The evidence at trial shows that domestic partnerships exist solely to differentiate same-sex unions from marriages. FF 53-54. A domestic partnership is not a marriage; while domestic partnerships offer same-sex couples almost all of the rights and responsibilities associated with marriage, the evidence shows that the withholding of the designation “marriage” significantly disadvantages plaintiffs. FF 52-54. The record reflects that marriage is a culturally superior status compared to a domestic partnership. FF 52. California does not meet its due process obligation to allow plaintiffs to marry by offering them a substitute and inferior institution that denies marriage to same sex couples.

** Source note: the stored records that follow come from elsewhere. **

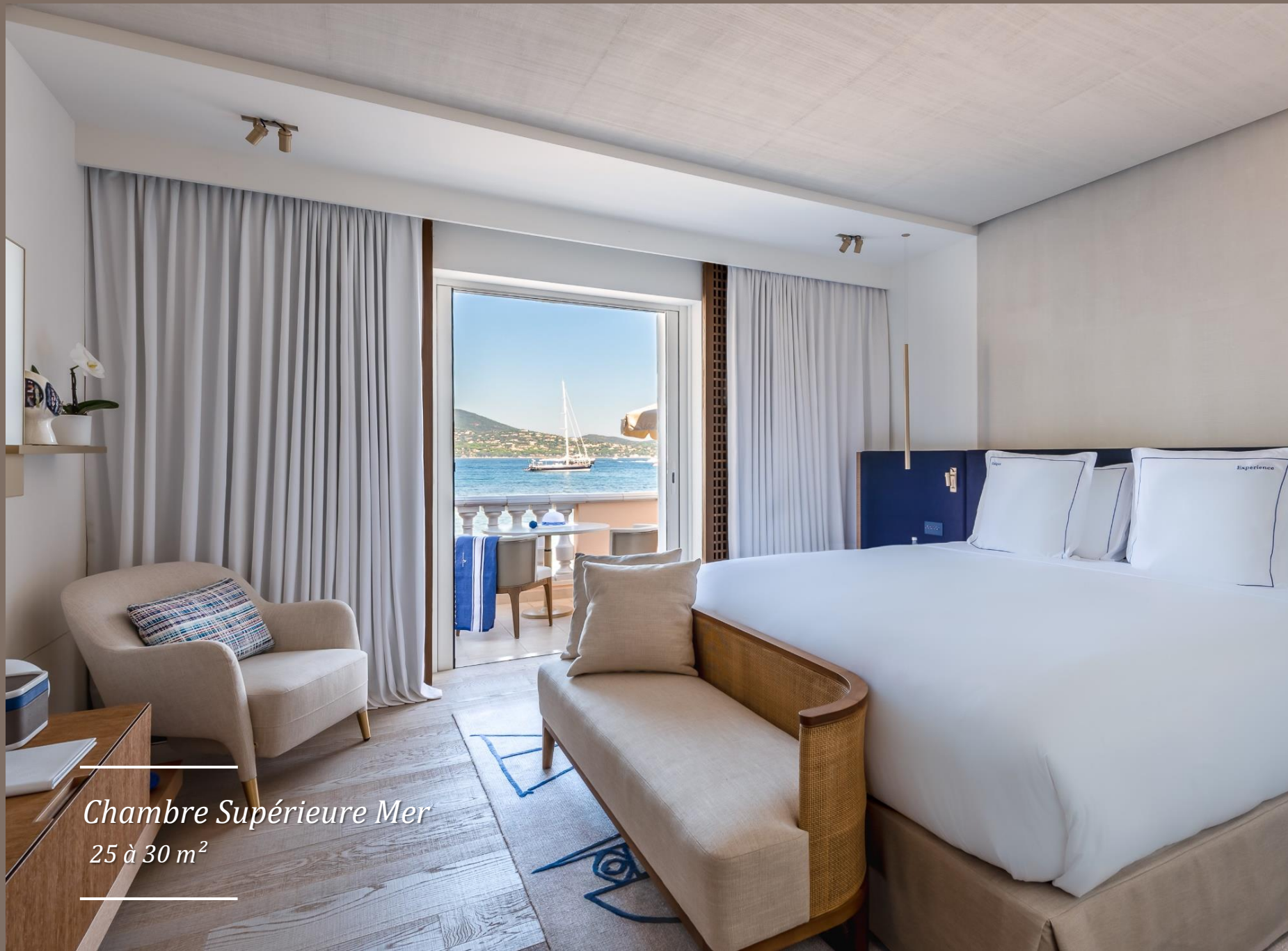
Chambre Supérieure Mer 25 à 30 m 2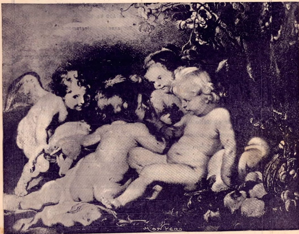
Pintura de Rubens.—El Niño Jesús en compañía de Juan y dos Angeles

REDACTORES Y DIRECTORES: SIDNEY W. EDWARDS y JAIME BRENES REVISTA EDUCACIONAL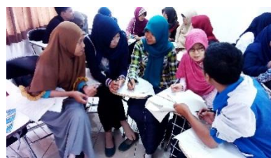
Gambar 8. Mahasiswa melakukan proses berpikir dengan mengungkapkan ide dan gagasan di depan kelas maupun dengan anggota kelompoknya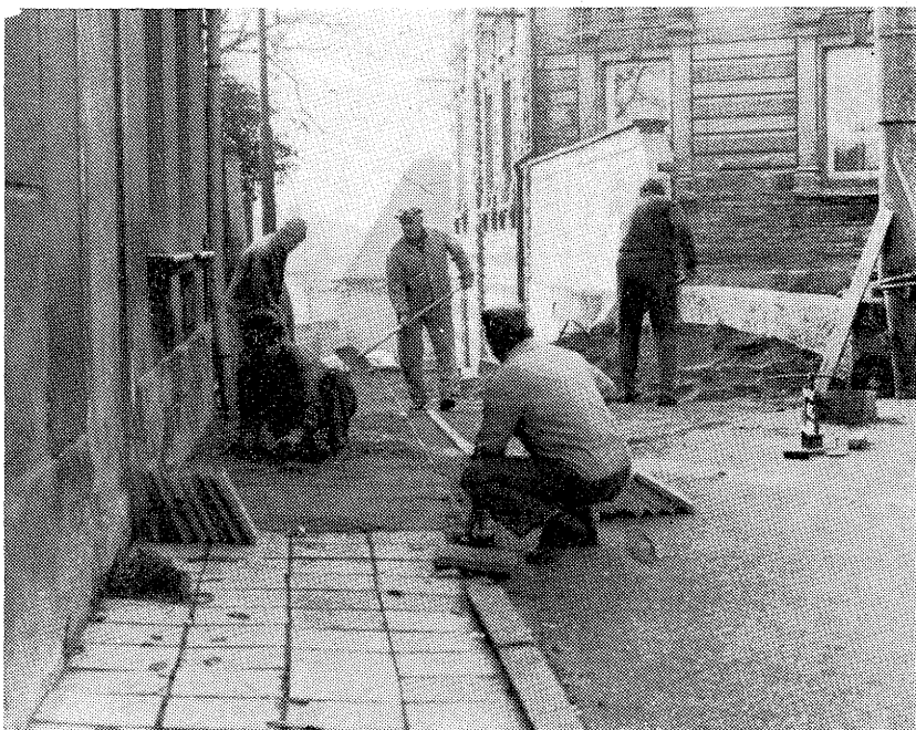
Brigádníci OV č. 5

PROPOSITION 8 IS UNCONSTITUTIONAL BECAUSE IT DENIES PLAINTIFFS A FUNDAMENTAL RIGHT WITHOUT A LEGITIMATE (MUCH LESS COMPELLING) REASON
Because plaintiffs seek to exercise their fundamental right to marry, their claim is subject to strict scrutiny. Zablocki, 434 US at 388. That the majority of California voters supported Proposition 8 is irrelevant, as “fundamental rights may not be submitted to [a] vote; they depend on the outcome of no elections.” West Virginia State Board of Education v Barnette, 319 US 624, 638 (1943). ….. The minimal evidentiary presentation made by proponents does not meet the heavy burden of production necessary to show that Proposition 8 is narrowly tailored to a compelling government interest. Proposition 8 cannot, therefore, withstand strict scrutiny. Moreover, proponents do not assert that the availability of domestic partnerships satisfies plaintiffs’ fundamental right to marry; proponents stipulated that “[t]here is a significant symbolic disparity between domestic partnership and marriage.” Doc #159-2 at 6. Accordingly, Proposition 8 violates the Due Process Clause of the Fourteenth Amendment.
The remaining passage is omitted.